◆ THE RECORDS ◆
- - - -
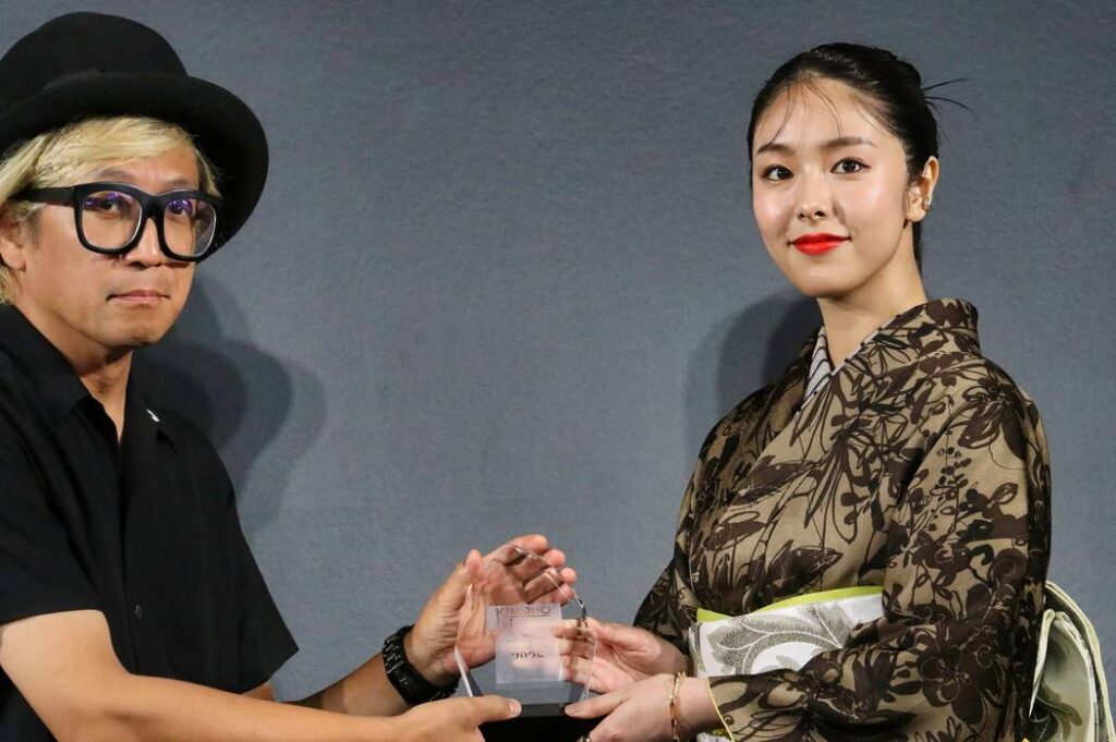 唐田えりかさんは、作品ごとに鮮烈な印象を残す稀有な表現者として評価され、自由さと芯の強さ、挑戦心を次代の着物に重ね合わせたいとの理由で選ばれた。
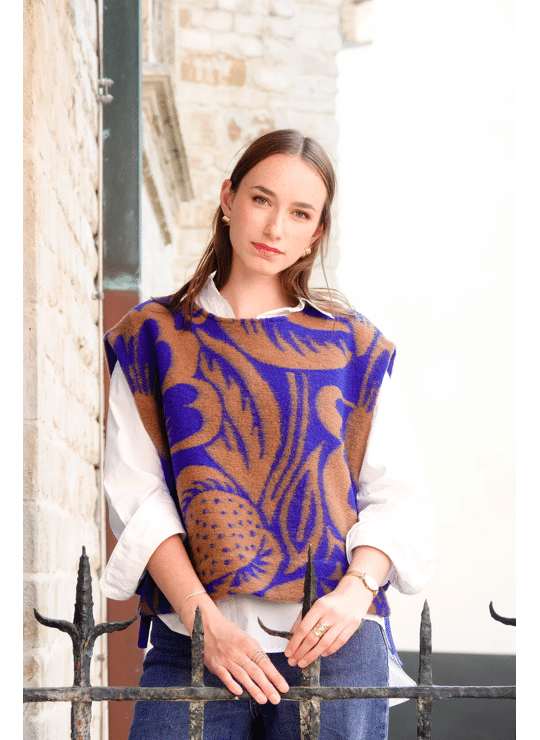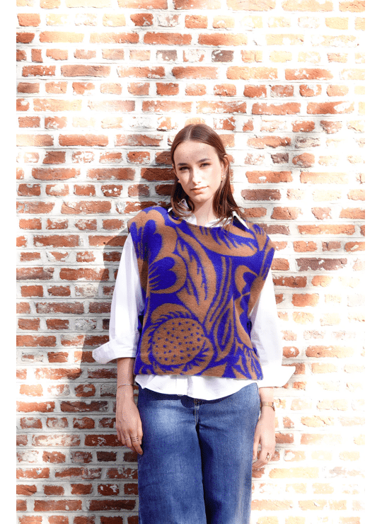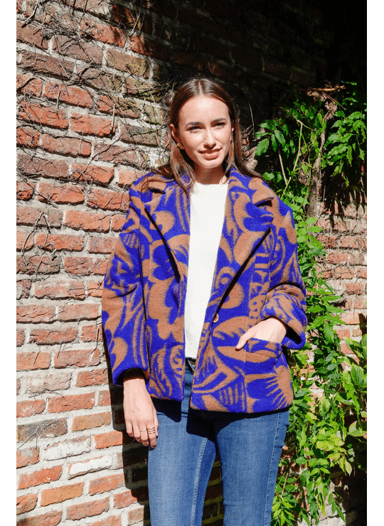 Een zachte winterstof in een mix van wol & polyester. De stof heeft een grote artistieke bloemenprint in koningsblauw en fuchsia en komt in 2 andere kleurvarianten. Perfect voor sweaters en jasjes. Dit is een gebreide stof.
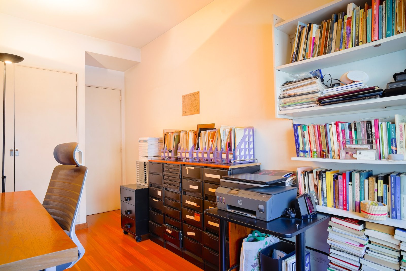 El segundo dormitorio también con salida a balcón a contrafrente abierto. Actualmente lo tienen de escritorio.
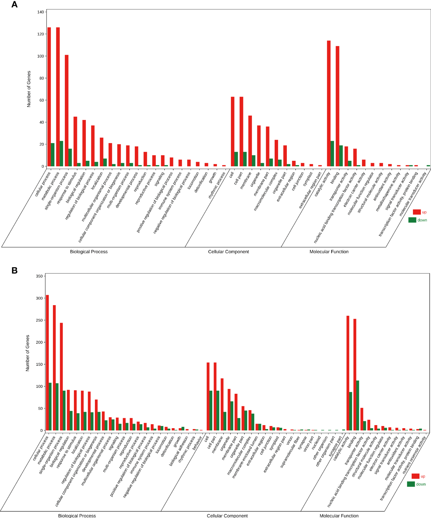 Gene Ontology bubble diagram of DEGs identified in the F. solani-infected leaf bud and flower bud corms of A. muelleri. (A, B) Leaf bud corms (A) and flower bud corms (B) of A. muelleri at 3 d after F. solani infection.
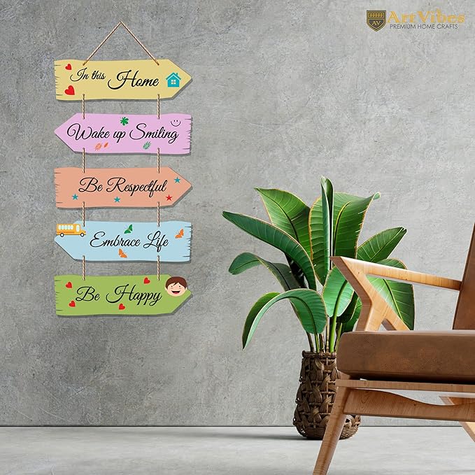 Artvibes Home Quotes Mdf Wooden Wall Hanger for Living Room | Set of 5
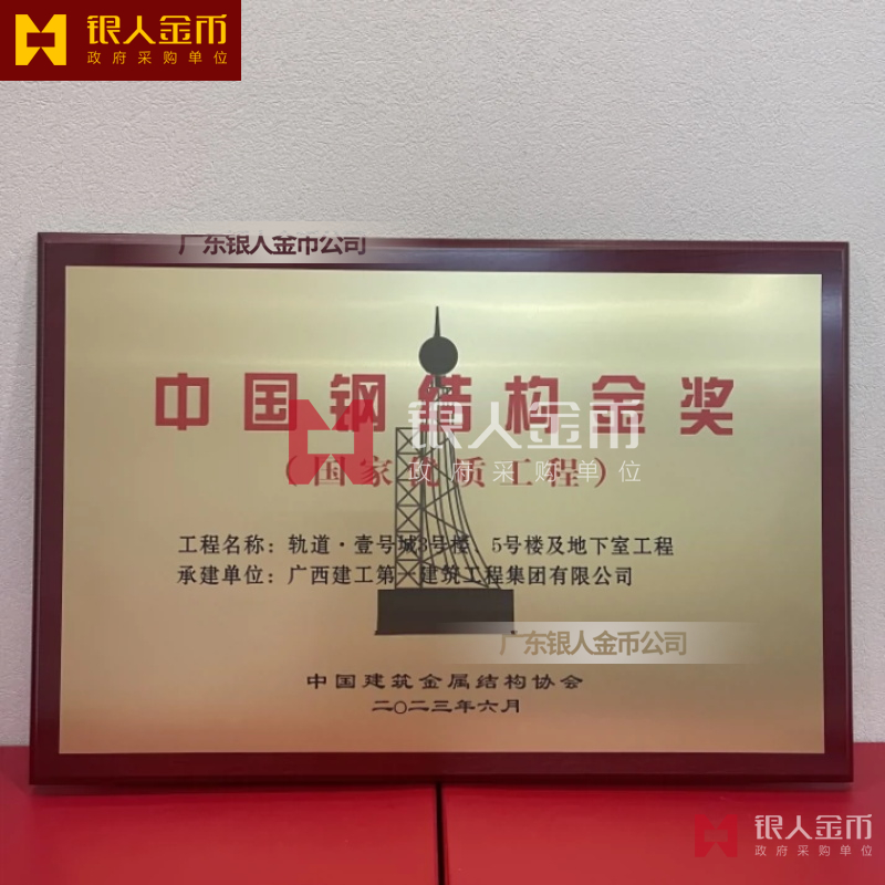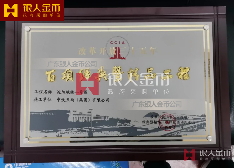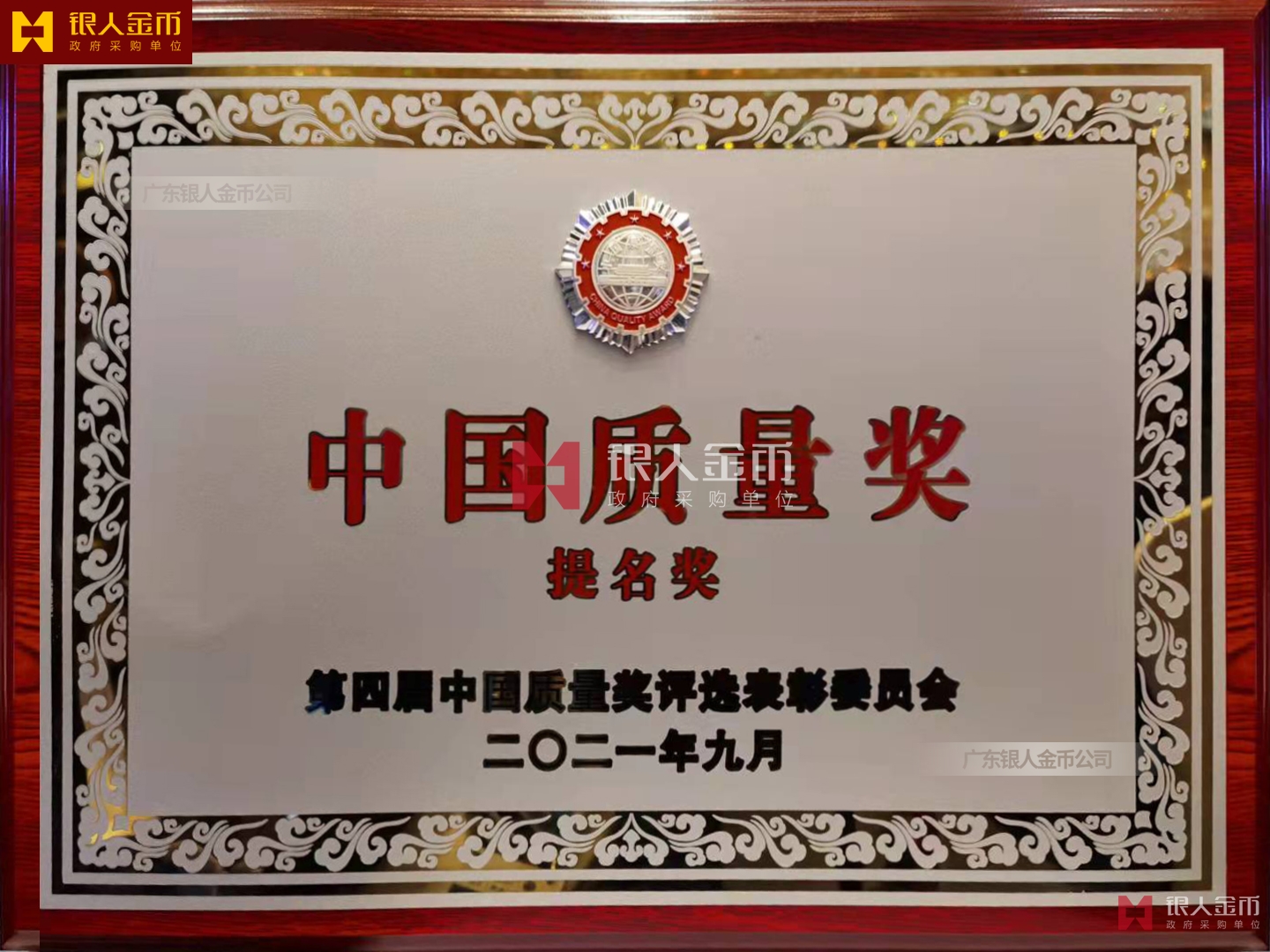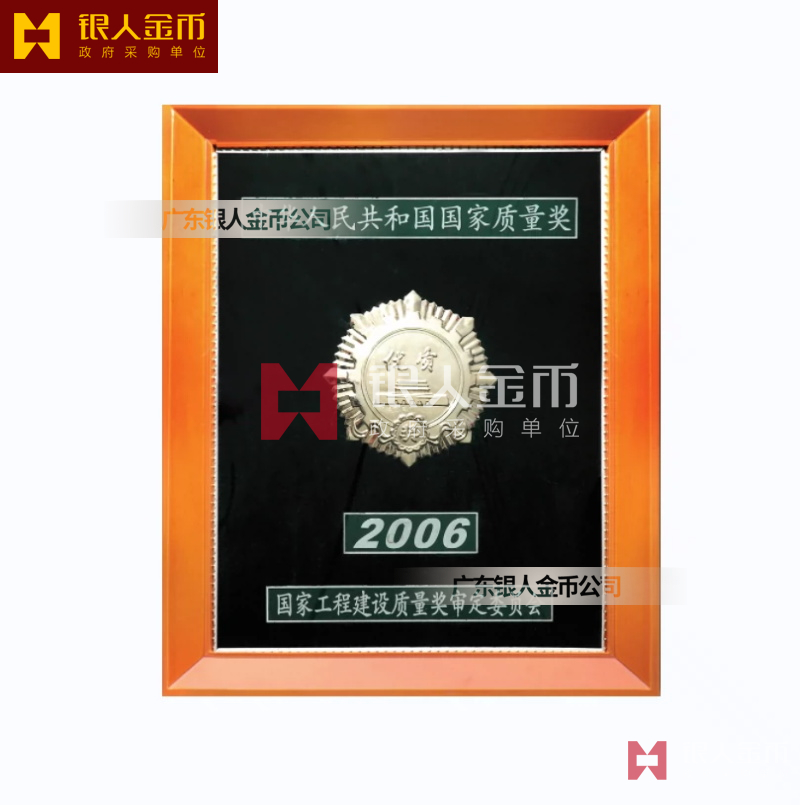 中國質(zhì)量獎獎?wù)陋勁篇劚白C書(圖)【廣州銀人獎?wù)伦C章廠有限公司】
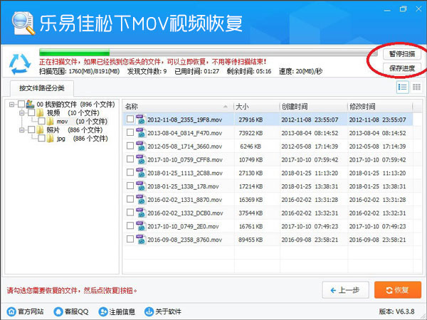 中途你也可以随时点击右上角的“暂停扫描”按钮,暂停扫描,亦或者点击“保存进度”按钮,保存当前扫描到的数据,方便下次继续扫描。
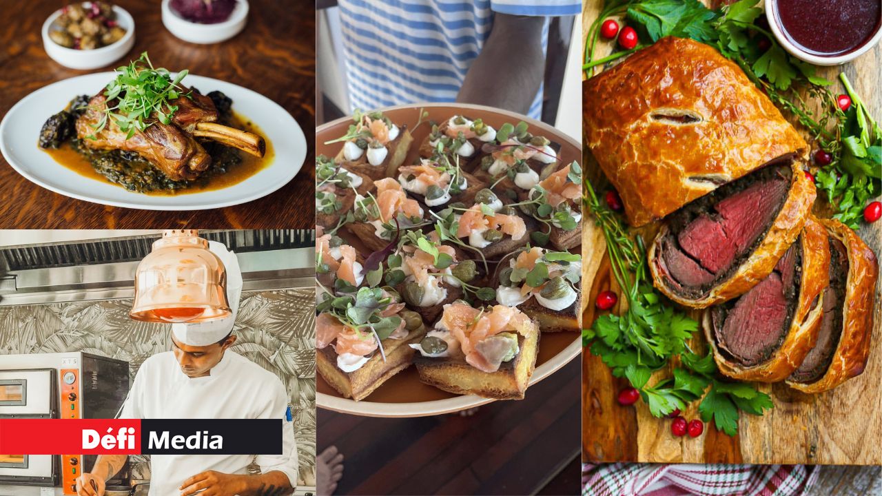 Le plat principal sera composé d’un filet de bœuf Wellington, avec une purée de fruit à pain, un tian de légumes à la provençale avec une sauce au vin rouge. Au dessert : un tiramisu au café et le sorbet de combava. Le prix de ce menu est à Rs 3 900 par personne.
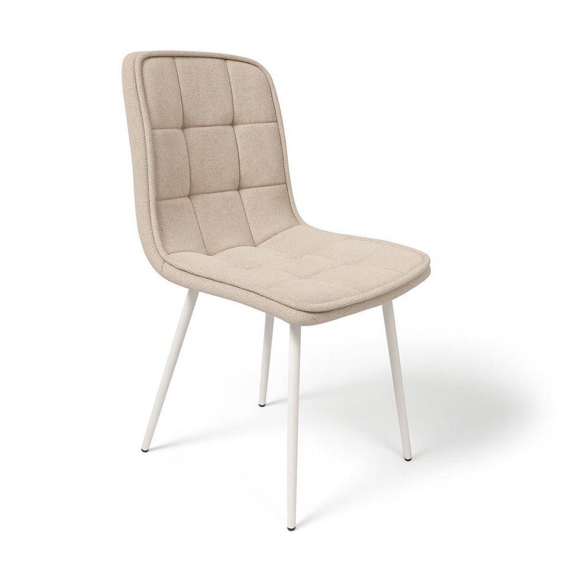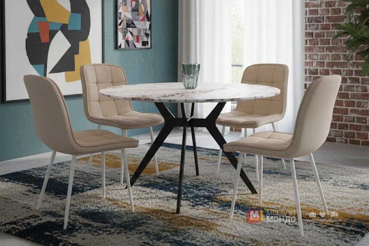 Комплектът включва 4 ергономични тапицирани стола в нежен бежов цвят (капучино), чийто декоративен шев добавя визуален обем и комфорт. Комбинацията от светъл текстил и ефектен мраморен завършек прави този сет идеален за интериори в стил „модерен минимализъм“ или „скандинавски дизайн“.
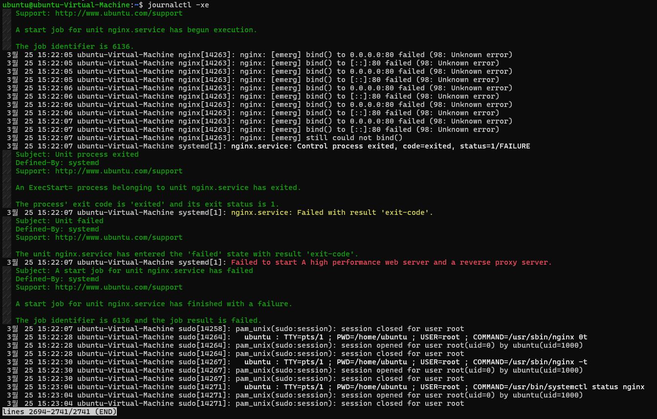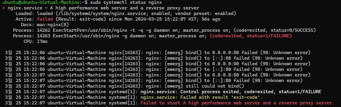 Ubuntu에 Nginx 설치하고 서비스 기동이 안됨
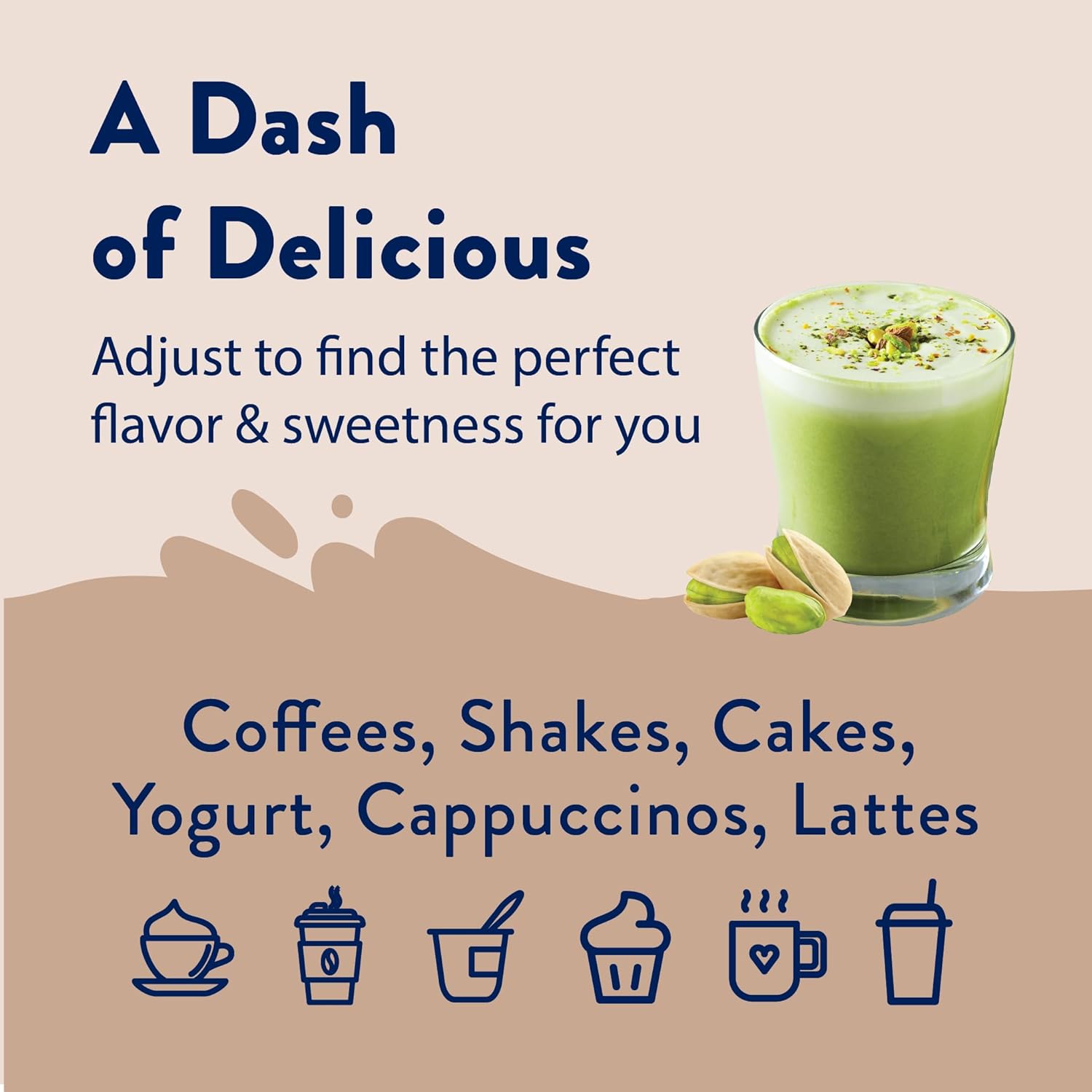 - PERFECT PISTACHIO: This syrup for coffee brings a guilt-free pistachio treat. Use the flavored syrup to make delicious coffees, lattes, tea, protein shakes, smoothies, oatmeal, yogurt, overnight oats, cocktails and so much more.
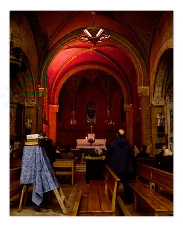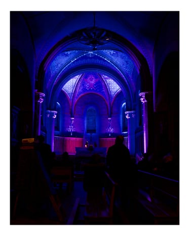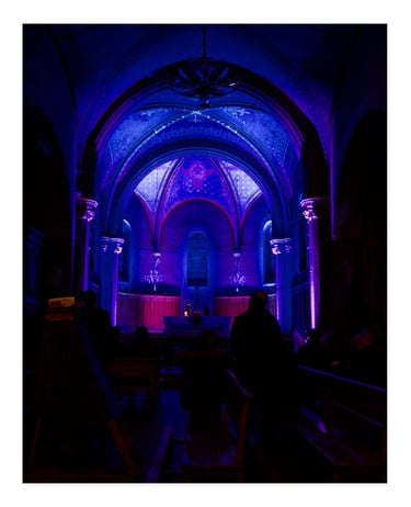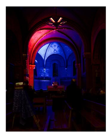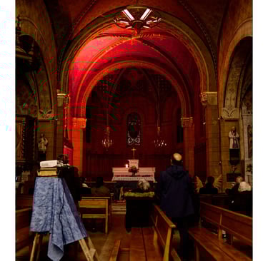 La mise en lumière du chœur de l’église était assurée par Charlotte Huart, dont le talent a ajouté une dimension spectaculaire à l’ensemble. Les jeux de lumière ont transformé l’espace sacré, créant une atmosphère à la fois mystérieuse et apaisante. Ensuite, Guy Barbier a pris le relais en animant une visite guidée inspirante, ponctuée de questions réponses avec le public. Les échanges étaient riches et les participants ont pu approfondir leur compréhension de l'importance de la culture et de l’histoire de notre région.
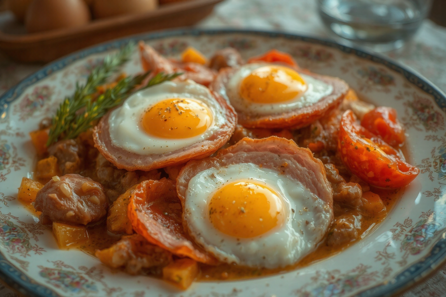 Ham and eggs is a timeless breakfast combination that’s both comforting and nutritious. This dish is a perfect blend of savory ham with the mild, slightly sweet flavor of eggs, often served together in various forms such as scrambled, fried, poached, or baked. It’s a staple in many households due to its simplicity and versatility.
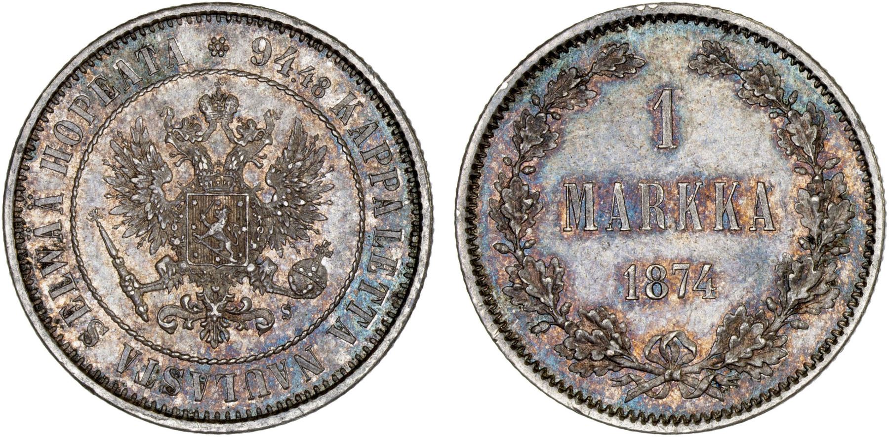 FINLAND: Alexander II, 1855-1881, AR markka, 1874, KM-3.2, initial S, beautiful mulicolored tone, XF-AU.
- - - -
◆ INSTRUCTIONS FOR THE TASK ◆
All that is needed is the exact run of lines from the start of the material above through the one containing "Gene Ontology bubble", pictures left out.

◆ RESPONSE TO THIS EXERCISE ◆
 唐田えりかさんは、作品ごとに鮮烈な印象を残す稀有な表現者として評価され、自由さと芯の強さ、挑戦心を次代の着物に重ね合わせたいとの理由で選ばれた。
 Een zachte winterstof in een mix van wol & polyester. De stof heeft een grote artistieke bloemenprint in koningsblauw en fuchsia en komt in 2 andere kleurvarianten. Perfect voor sweaters en jasjes. Dit is een gebreide stof.
 El segundo dormitorio también con salida a balcón a contrafrente abierto. Actualmente lo tienen de escritorio.
 Gene Ontology bubble diagram of DEGs identified in the F. solani-infected leaf bud and flower bud corms of A. muelleri. (A, B) Leaf bud corms (A) and flower bud corms (B) of A. muelleri at 3 d after F. solani infection.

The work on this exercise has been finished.